World Bank warns higher interest rates could trigger global recession | World Bank

The world may be edging toward a global recession as central banks simultaneously raise interest rates to combat persistent inflation, the World Bank has warned.

The three largest economies, – the US, China and the eurozone – have been slowing sharply, and even a “moderate hit to the global economy over the next year could tip it into recession”, the bank said in a study.

It said the global economy was now in its steepest slowdown after a post-recession recovery since 1970, and consumer confidence had already dropped more sharply than in the run-up to previous global recessions.

“Global growth is slowing sharply, with further slowing likely as more countries fall into recession,” the World Bank president, David Malpass, said, adding his worry that these trends would persist, with devastating consequences for emerging market and developing economies.

Synchronised interest rate increases under way globally and related policy actions were likely to continue well into next year but may not be sufficient to bring inflation back down to levels seen before the Covid-19 pandemic, the bank said.

Unless supply disruptions and labour-market pressures subsided, the global core inflation rate, excluding energy, could stay at about 5% in 2023, almost double the five-year average before the pandemic.

To drive inflation lower, central banks may need to raise interest rates by an additional two percentage points, on top of the two-percentage point increase already seen over the 2021 average, it said.

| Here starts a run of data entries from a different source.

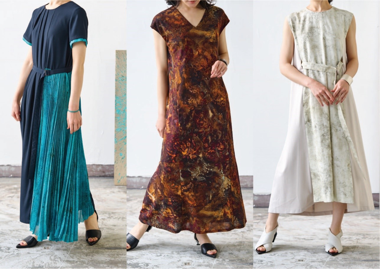 伝統工芸「高岡銅器」の伝統的な着色技法を応用し銅板を色鮮やかに発色させ、その紋様をテキスタイルにして、デザイナーMARI INABAとのコラボワンピースを製作しました。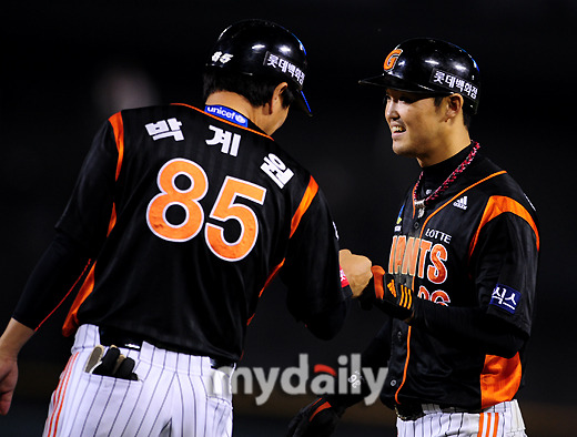 [역전 결승타를 터뜨린 박종윤(위)-9회 동점 투런포를 터뜨린 롯데 강민호. 사진 = 유진형 기자 zolong@mydaily.co.kr]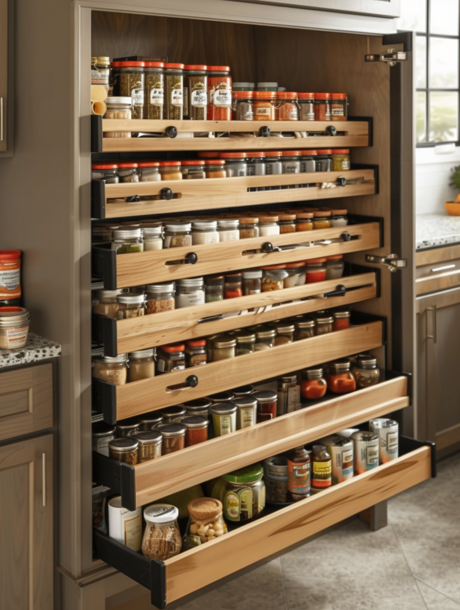 Besides the kitchen drawer, always remember the space on the pantry door. Door-mounted organizers or racks can bring in extra space for spice, snacks, and small things. You can optimize this space to escape from the shelves and to keep easier access to the most frequently used items. Magnetic strips or hooks can be installed for more storage space as well.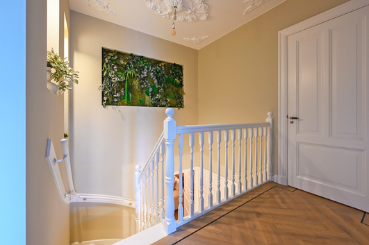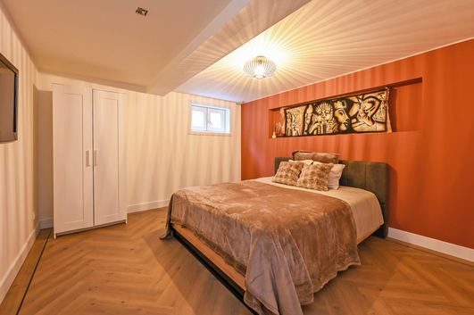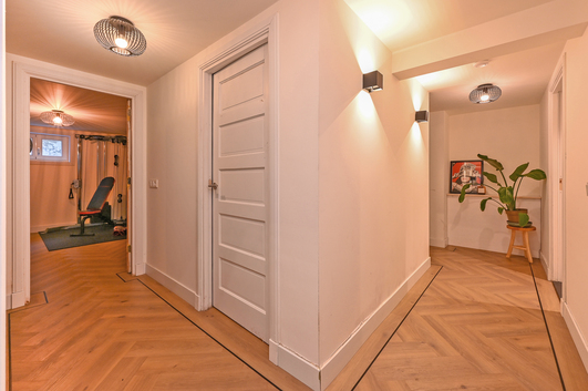 Via het statige trappenhuis bereik je het royale souterrain, waar zich nog eens drie volwaardige slaapkamers bevinden.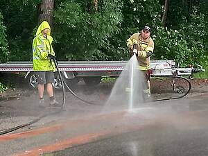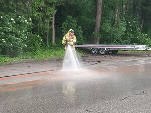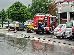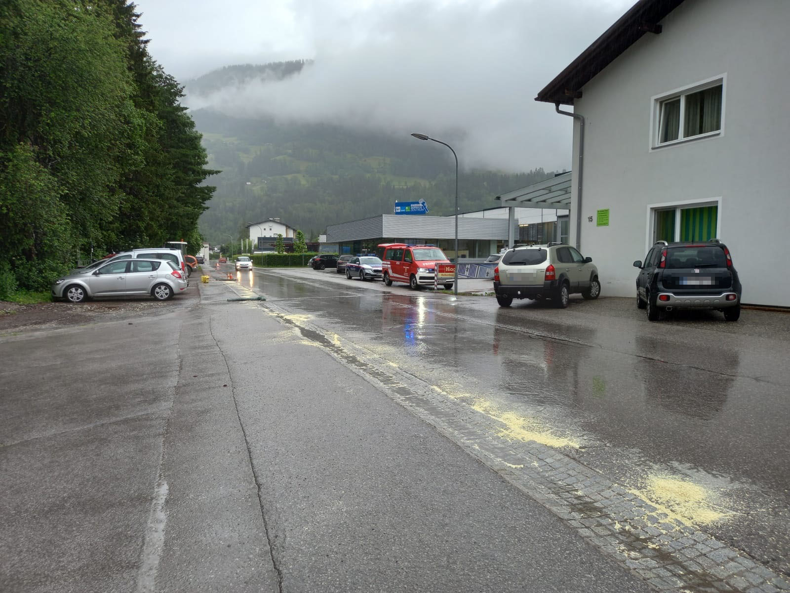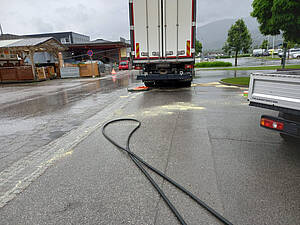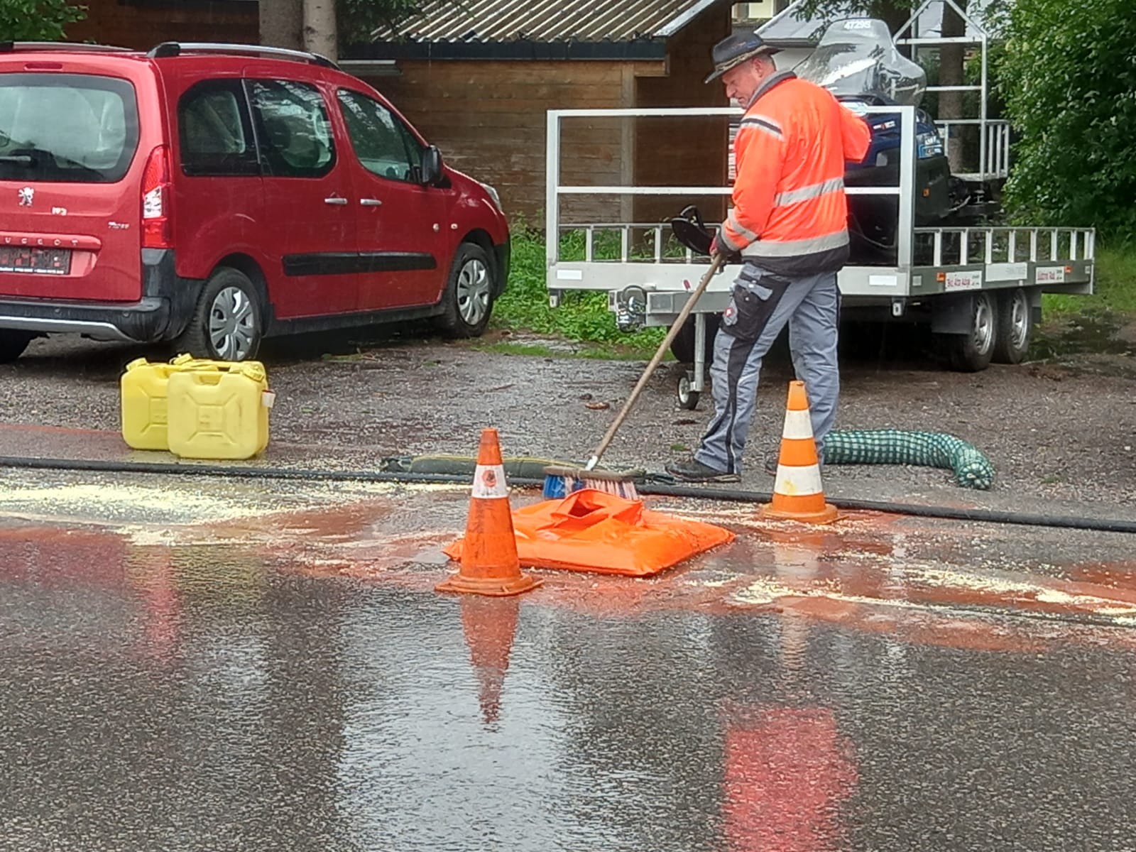 Am 07.06.2022 wurden wir am Morgen zu einer Ölspur alarmiert. Durch einen Schlauchplatzer bei einem LKW wurde das Öl freigesetzt und drohte nun, aufgrund des starken Niederschlages in den Kanal zu fließen.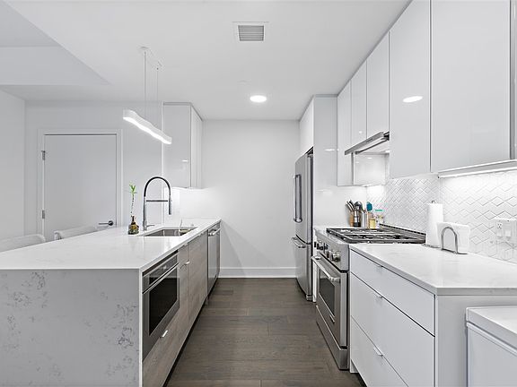 This Top Floor Penthouse unit with extraordinary finishes including: 8" oak floors, Custom Closets in every room ($10k), Dual-tone UltraCraft cabinets with Legrabox Blum drawers, Jenn-Air stainless appliances, Apogee undermount steel sink, porcelain mosaic backsplashes, vented hoods and Carrara Grigio waterfall counters. The bathroom in this HUGE 2 bedroom is finished with European tile, wall hung vanity in the master suite and rain showerheads. Enjoy central air/heat, large Pella designer casement windows high ceilings and walk in closet. The expansive green roof and garden has BBQ areas and an outdoor screening room. A convenient state of the art fitness center, bike storage, a virtual doorman, secured package room and a children's playroom completes this perfect picture. Easily stroll to PATH trains, parks and nightlife. Owner is a licensed real estate agent.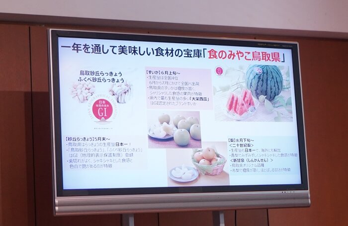 セミナーでは鳥取県の方が「一年を通して美味しい食材の宝庫”食のみやこ鳥取県”」ともおっしゃってて、鳥取砂丘らっきょうやスイカ、梨などをご紹介されてました。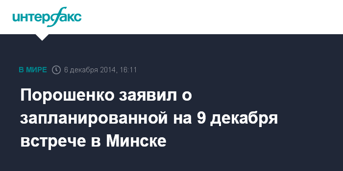 Москва. 6 декабря. INTERFAX.RU - Очередная встреча контактной группы по ситуации в Донбассе запланирована в Минске 9 декабря, заявляет президент Украины Петр Порошенко. "Достигнута пока предварительна договоренность, что встреча в Минске состоится 9 декабря", - сказал он в субботу на аэродроме в Чугуеве (Харьковская область - ИФ) в субботу.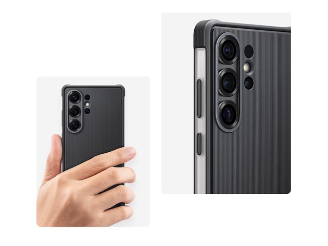 Produktbeskrivning Samsung EF-RS938 - baksidesskydd för mobiltelefon Typ av produkt Baksidesskydd för mobiltelefon Färg Svart Återvunnet produktinnehåll 9 % - tillverkad av biobaserat material Designat för Galaxy S25 Ultra -

However, an increase of that size, along with financial market stress, would slow global gross domestic product growth to 0.5% in 2023, or a 0.4% contraction in per capita terms, which would meet the technical definition of a global recession, it added.

Malpass said policymakers should shift their focus from reducing consumption to boosting production, including efforts to generate additional investment and productivity gains.

Previous recessions showed the risk of allowing inflation to stay elevated for long while growth is weak, the bank said, noting that the 1982 recession triggered more than 40 debt crises and ushered in a decade of lost growth in many developing economies.

Ayhan Kose, a World Bank vice-president, said a recent tightening of monetary and fiscal policies would help cut inflation, but the highly synchronous nature of the measures could compound the situation and steepen the global growth slowdown.

The study suggested that central banks could combat inflation without triggering a global recession by communicating their policy decisions clearly, while policymakers should put in place credible medium-term fiscal plans and continue to provide targeted relief to vulnerable households.